Very interesting! Just staying with Open Science, I think another trend that we have been seeing, David, is also a lot of conversations around impact. Right through the entire process, all the stakeholders have been talking about what is the real impact of all the research that we do. There is a lot of work also starting to happen around dissemination and engagement. Any thoughts on that, David? Any trends that you see?
We are living in an open access world. Even more than in the world of paid publication, it is common in many places that dissemination ends at publication. I have put it into the system and therefore anybody who needs it can find it. What a falsity that is in the attention economy of the internet. That is a hopeless position to take, in my view. Therefore, we need to disseminate, and we need to do everything we can to ensure high impact.

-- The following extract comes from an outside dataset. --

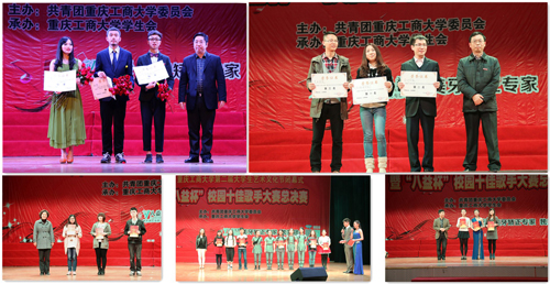 重庆知名音乐人柯添,国家一级演员、重庆市歌舞团著名歌唱家卢小玉,重庆音乐制作人、重庆市第四届青年歌手电视大奖赛流行演唱组金奖获得者蒋霖,重庆市两江艺术团青年歌手、重庆市第二届青年歌手大赛通俗组第一名获得者陈宏凯,重庆音乐家协会成员、米洛唯朵少儿音乐教学法创始人王凌应邀出席并担任决赛评委。现场还特别邀请由各学院推荐学生代表及重庆邮电大学、重庆交通大学、重庆理工大学、重庆第二师范学院选出的高校代表共同组成100人的大众评审团。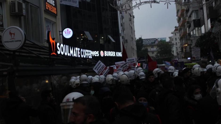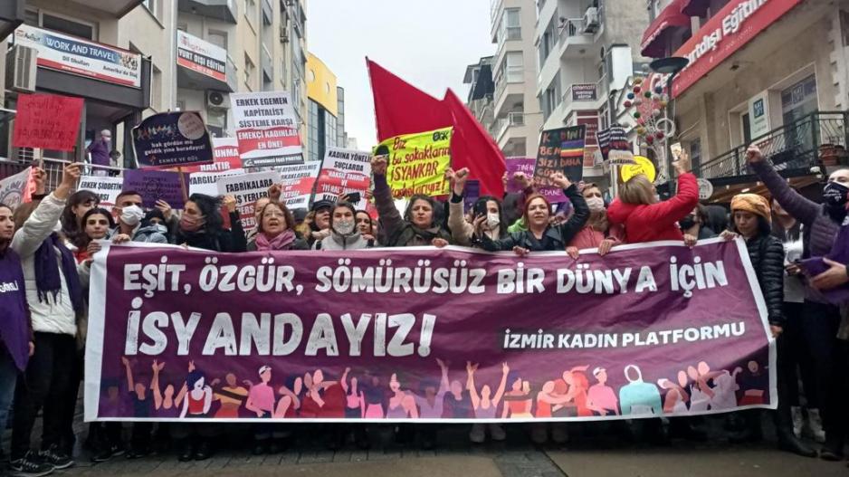 İzmir’de yüzlerce kadın 8 Mart Dünya Emekçi Kadınlar Günü’nde İzmir Kadın Platformu’nun çağrısıyla Alsancak Türkan Saylan Kültür Merkezi önünde bir araya geldi. “Eşit, özgür, sömürüsüz bir dünya için isyandayız” ortak pankartı arkasında buluşan kadınlar ÖSYM binasına doğru bir yürüyüş gerçekleştirmek istedi. 18:00’de başlaması planlanan yürüyüşü istibdadın diktiği polisler sözlü ve fiziki saldırıyla keyfi olarak engellemeye çalışsa da; kadınlar kararlı duruşlarıyla bir adım geri atmadı ve barikatı yaran kadınlar yürüyüşe geçti.

I think in a few years' time, young researchers will be demanding of open access publishers. Give me the assurance that if I put this through your outlet, that you will personally through or as a service, you will alert all of the leading players in my sector. In the age of knowledge graphs, it is very simple to map a research sector to find out where the researchers are, who is doing leading or indeed competitive work and to make sure that everybody knows. Disseminating in the flaccid way in which we are at moment has no real excuse, it seems to me. Then, we can begin to measure impact. We can begin to say who use that and what sort of response did it get.
Then, we can begin to monitor the blogs and the conferences. Here, again, we are seeing with companies like Cassini and Morrissey [ph], the conferences and the seminars, the in-house seminars of the research groups are now getting monitored. Here we are in a position where we can see what the impact is, if only we can devise the tools to measure it. I think we are going to go through an impact in dissemination revolution in the next 5 years. The scholarship will benefit hugely from that. Hugely!
Absolutely! No, I fully agree with you, David. I think it's a trend that you are probably seeing. We have had the Research Excellence Framework here in the UK as well. The importance of impact is just growing. I agree with you. I think there is going to be a revolution, which is probably much needed.
Well, I would say to you, and you mentioned the UK researchers. Well, it was fascinating to me that the UK research body chose to fund a scheme called Octopus to the tune of £650,000 to do initial research studies into how to improve publication processes. One of, of course, those improvements is about impact. It seems to me that even the award of that grant is calling out subscription-based publishing as inadequate, not doing the job, not getting the articles to the people who need them.